> **TASK DESCRIPTION**
Go through the records and set each one down exactly, skipping any picture.

> **DATA TO EXAMINE**
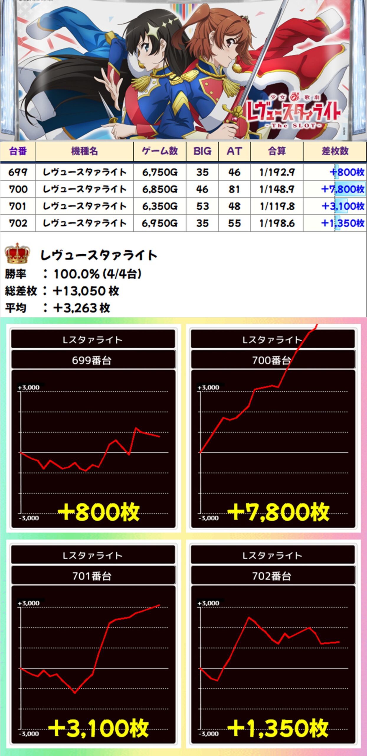 かぶぱポストにヒントがあったレビュースタァライトは全台がプラスに。+7800枚の爆発も確認できました。
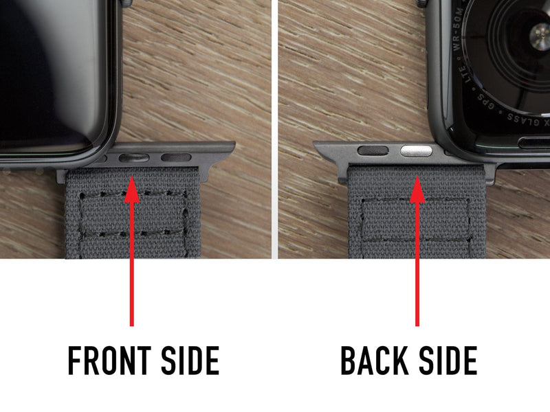 Slide the adapter into the slot on your Apple Watch until you hear a click. To remove it, press and hold the strap release button on the back of the watch and slide the band out.
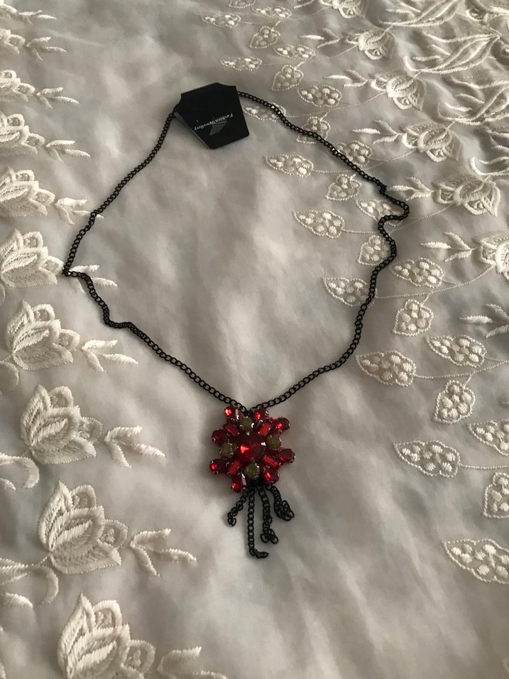 Uzun, koyu kırmızı renkte, gotik tarzda boncuklu kolye. Nakışlı desenli, romantik akşamlar ve avant-garde modaya uygun.
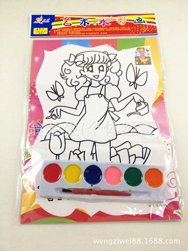 【配料】:每包2張不同圖。6色顏料,刷子1個(gè)
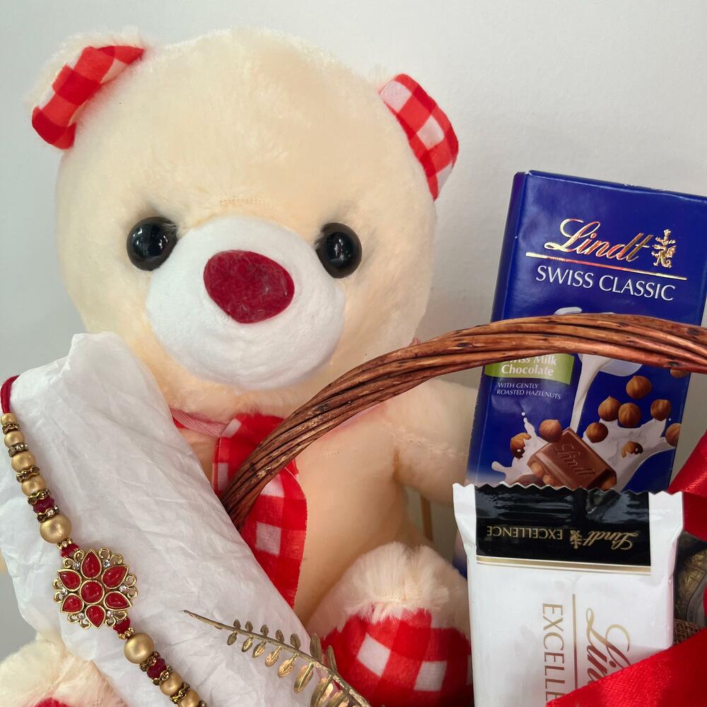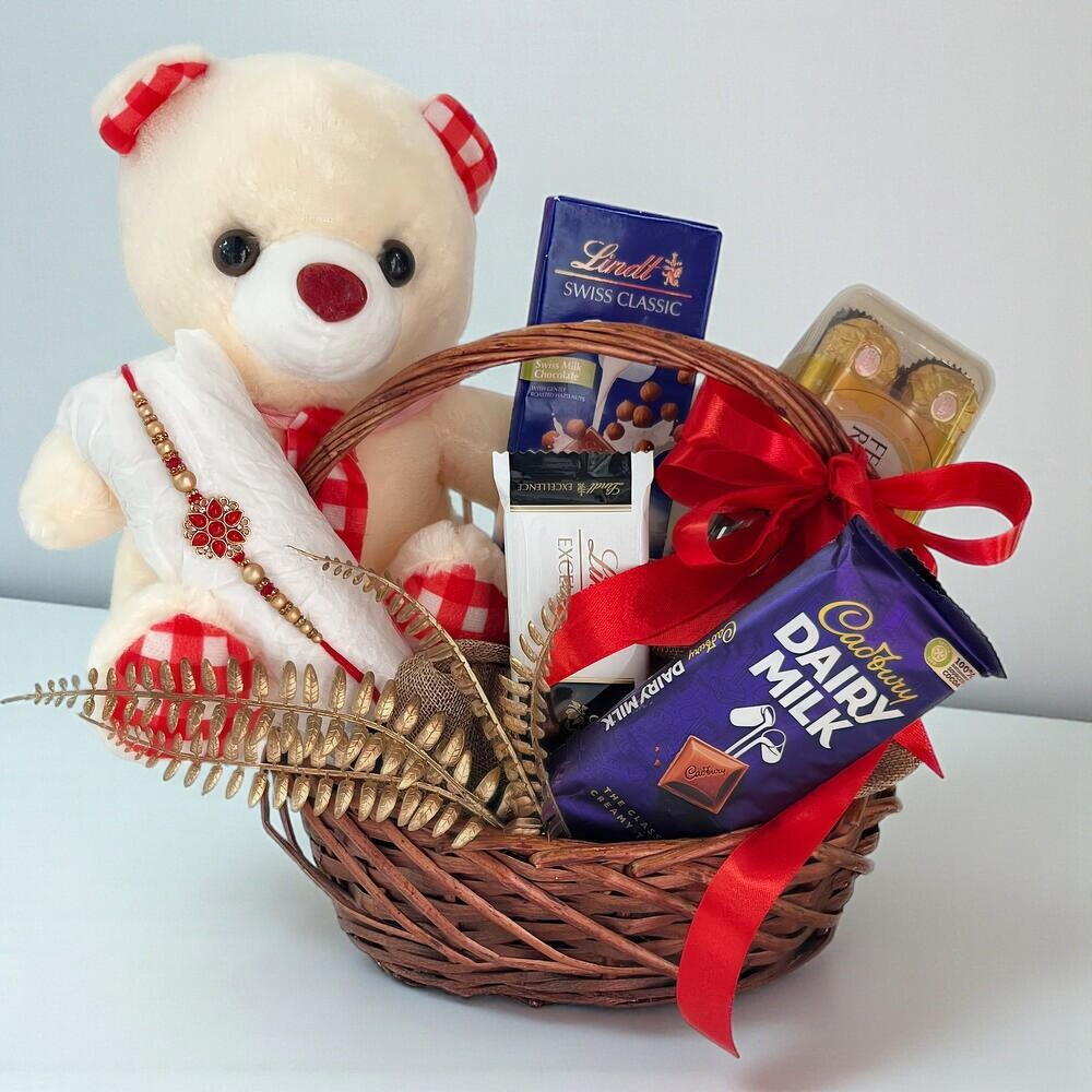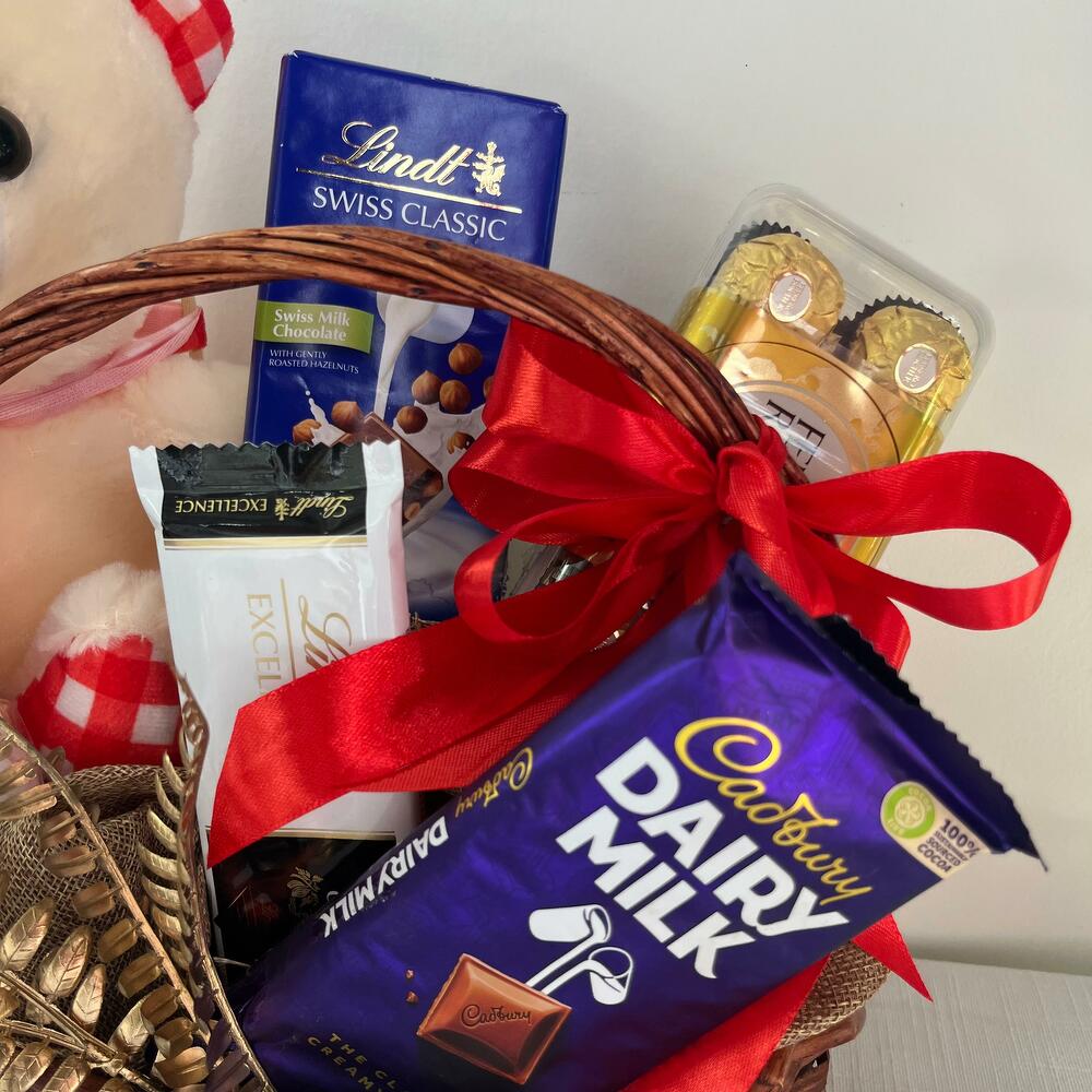 Basket - 1 pcs teddy - 1 pcs fillers - 1 pcs lindt swiss classic milk chocolate bar (100g) - 1 pcs 16 piece ferrero rocher box - 1 pcs dairy milk cadbury bar - 1 pcs lindt swiss classic chocolate bar (70g) - 1 pcs
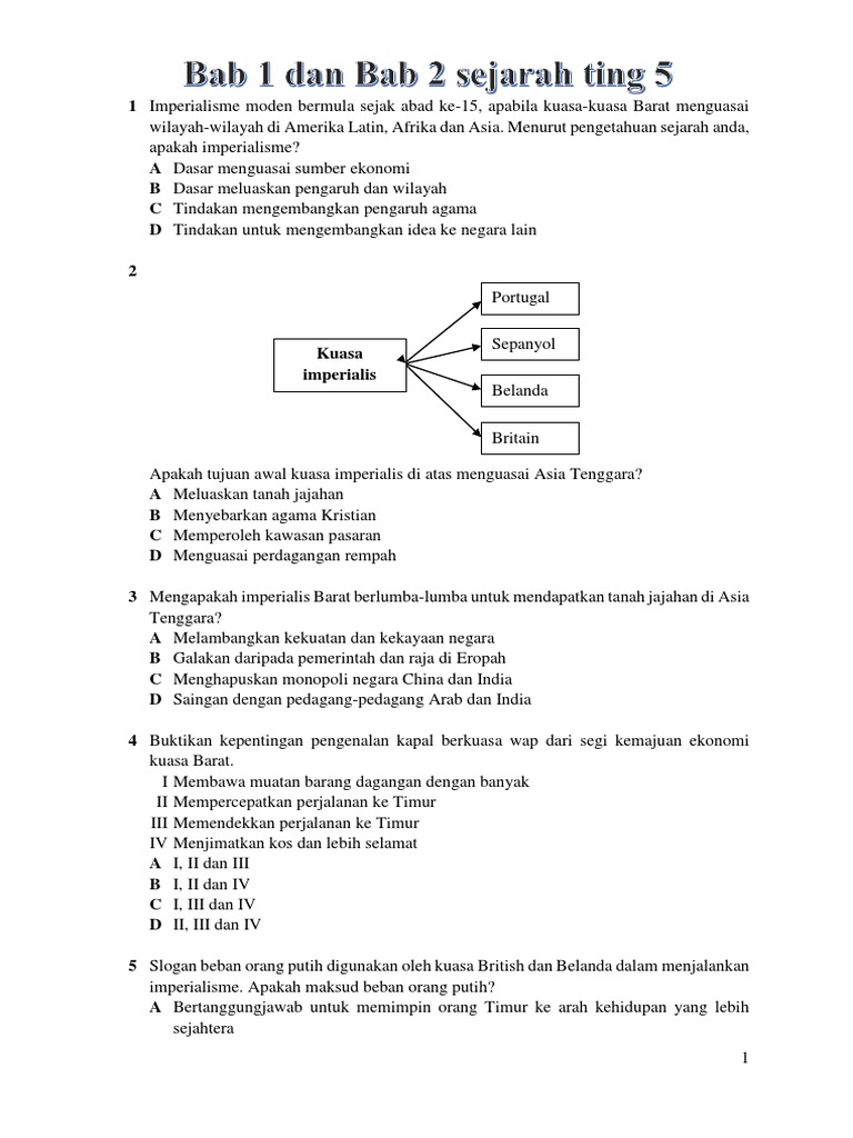 Soalan Sejarah Tingkatan 5 Bab 1
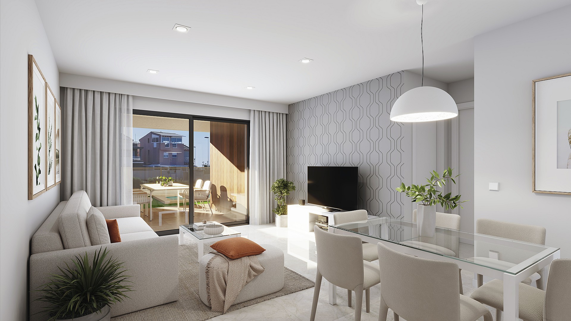 Perla Playa 3 - Apartment with garden provided with 3 Bedrooms and 2 Bathrooms, communal swimming pool and parking spot, located in Puerto de Mazarron at the Costa Cálida (Murcia) in Spain.
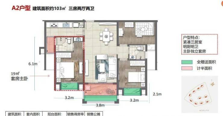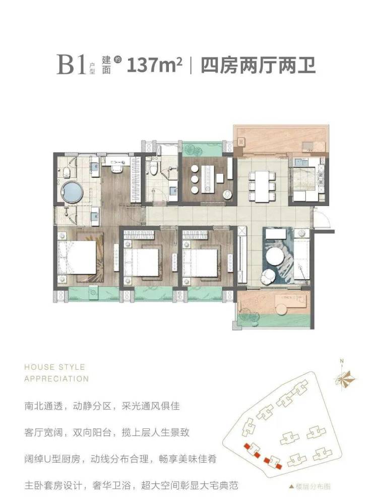 在售户型:103㎡,105㎡三房两厅两卫,128㎡,139㎡四房两厅两卫
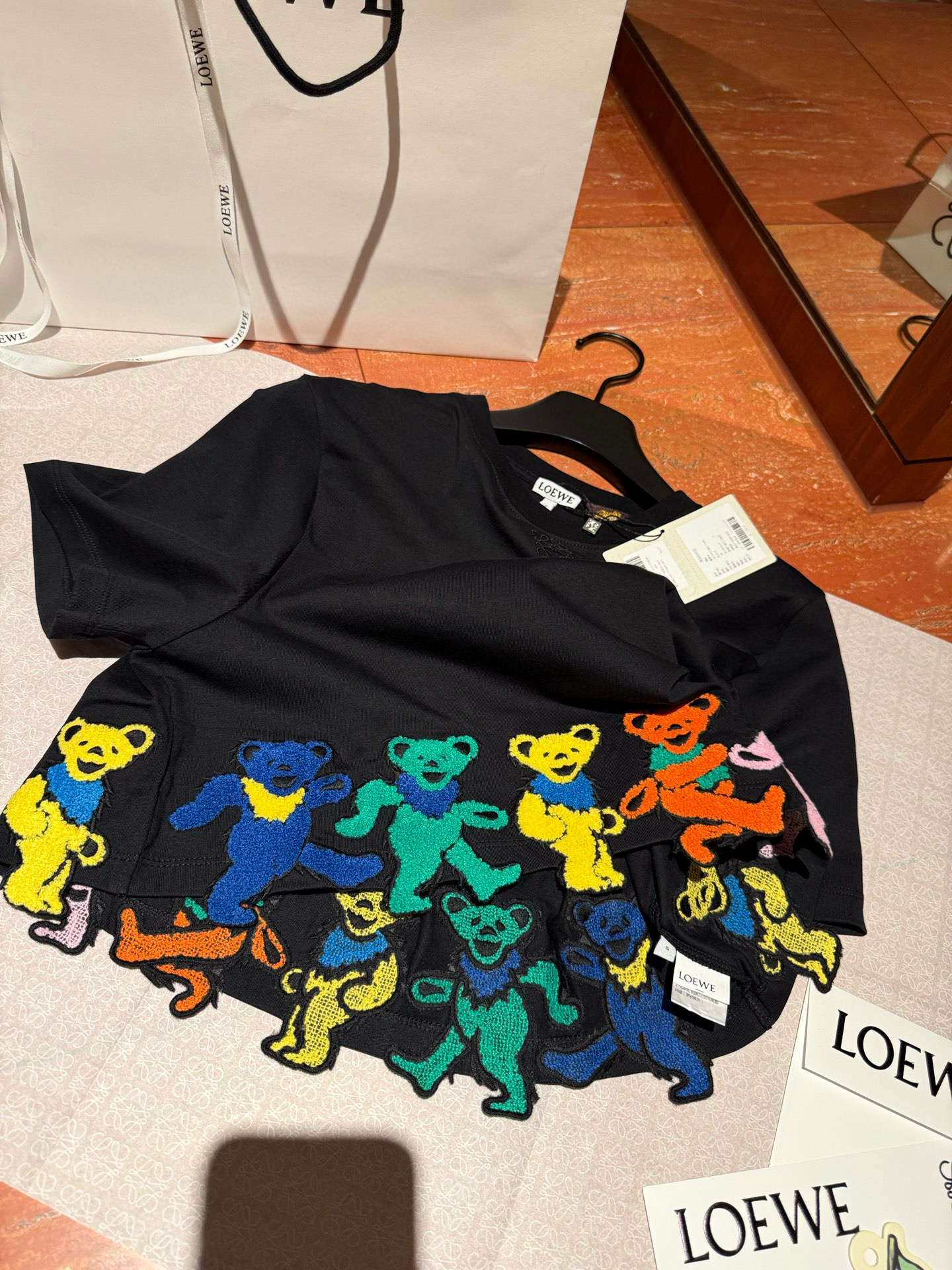 NIGO Loewe x Grateful Dead Women's Summer Cotton Short Bear Embroidery Solid Color Round Neck T-Shirt Ngvp #nigo1672

> **RESULT**
 かぶぱポストにヒントがあったレビュースタァライトは全台がプラスに。+7800枚の爆発も確認できました。
 Slide the adapter into the slot on your Apple Watch until you hear a click. To remove it, press and hold the strap release button on the back of the watch and slide the band out.
 Uzun, koyu kırmızı renkte, gotik tarzda boncuklu kolye. Nakışlı desenli, romantik akşamlar ve avant-garde modaya uygun.
 【配料】:每包2張不同圖。6色顏料,刷子1個(gè)
 Basket - 1 pcs teddy - 1 pcs fillers - 1 pcs lindt swiss classic milk chocolate bar (100g) - 1 pcs 16 piece ferrero rocher box - 1 pcs dairy milk cadbury bar - 1 pcs lindt swiss classic chocolate bar (70g) - 1 pcs
 Soalan Sejarah Tingkatan 5 Bab 1
 Perla Playa 3 - Apartment with garden provided with 3 Bedrooms and 2 Bathrooms, communal swimming pool and parking spot, located in Puerto de Mazarron at the Costa Cálida (Murcia) in Spain.
 在售户型:103㎡,105㎡三房两厅两卫,128㎡,139㎡四房两厅两卫
 NIGO Loewe x Grateful Dead Women's Summer Cotton Short Bear Embroidery Solid Color Round Neck T-Shirt Ngvp #nigo1672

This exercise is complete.